のいずれにも該当する者をいいます(則第60条)。
(6) 「所定労働時間の全部が深夜にある労働者」とは、労働契約上労働すべき時間として定められている時間のすべてが午後10時~午前5時の間にある労働者をいいます。
ポイント解説
★ パートタイマーやアルバイトの方についても、日々雇い入れられる者や引き続き雇用された期間が1年に満たない労働者など、制度が適用にならない場合に該当しない限り、深夜業の制限の権利が認められます。
★ 事業主は、労働者が深夜業の制限を請求した場合においては、労働者が請求どおりに深夜業の制限を受けられるように、通常考えられる相当の努力をすべきものです。 事業主には、深夜業をしなくてもよいとする代わりに同等の昼間勤務を確保することまでは義務づけられていませんが、労働者本人が昼間勤務での就業を希望しており、かつ代わりに就業させることができる同職種の昼間勤務が十分あるにもかかわらず、深夜業の制限を請求した労働者を昼間勤務に就けさせず懲罰的に無給で休業させるといった取扱いは、深夜業の制限の制度の利用を躊躇させるものであり、不利益取扱いに当たるおそれがあります。 

以上コピー

小学校就学の始期に達するまでの子の育児を行うための深夜業の制限を「請求できない」とされる要件の中には、 深夜においてその子を常態として保育できる同居の家族がいる労働者
というのがある。
それは具体的には、『16歳以上の同居の家族であって…』と定義づけられているのだが。
自民党埼玉県議団の皆様、高校生は、ここでいう16歳以上の同居の家族に当てはまるのではないか?

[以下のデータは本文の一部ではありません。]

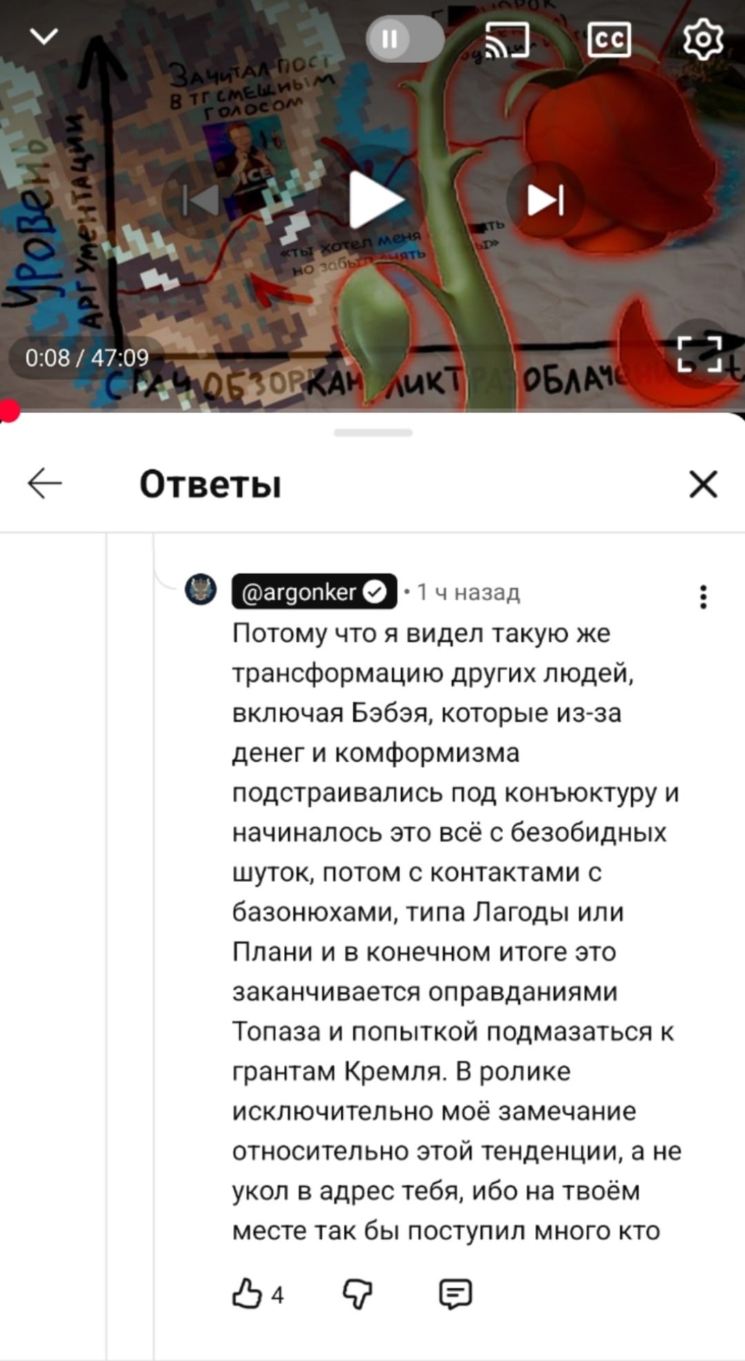 Так, теперь, когда страсти чуть подулеглись, я зашёл спросить. Вот я смотрел обоих. Изначально довольно нейтральное отношение к обоим, может к Аргону чуть получше, потому что Бэбс просто сдулся и за год снимал в основном какую-то поеботу. Но к сожалению я не осилил посмотреть видос Бэбса, потому что я вообще не понимаю как можно в целом смотреть такой формат, когда он переливает из пустого в порожнее и постоянно кривляется, ещё на ролике про озвучкеров я довольно быстро заебался слушать. Поэтому аргументацию против Аргона я восстанавливал по негативным комментам под его видосами, ибо под видосом Бэбэя там просто бесконечное жополизание. Итак, правильно ли я понимаю, что все грехи Аргона это: 1) Крокус-покус 2) Донатил армии страны, гражданином которой он являлся 3) Кому-то там пожелал сдохнуть

実際には、この、深夜業の制限を請求することができない条件は、育児や介護をしている者にとっては過酷だと私個人としては思う。
ただ、事実としては、厚生労働省のパンフレットではこのように定義づけられた解説がある。
実際の、 育児休業、介護休業等育児又は家族介護を行う労働者の福祉に関する法律 の条文では
当該請求に係る深夜において、常態として当該子を保育することができる当該子の同居の家族その他の厚生労働省令で定める者がいる場合における当該労働者

という書き方になっており、施行規則では
(法第十九条第一項第二号の厚生労働省令で定める者)

第六十条 法第十九条第一項第二号の厚生労働省令で定める者は、同項の規定による請求に係る子の十六歳以上の同居の家族(法第二条第五号の家族をいう。)であって、次の各号のいずれにも該当する者とする。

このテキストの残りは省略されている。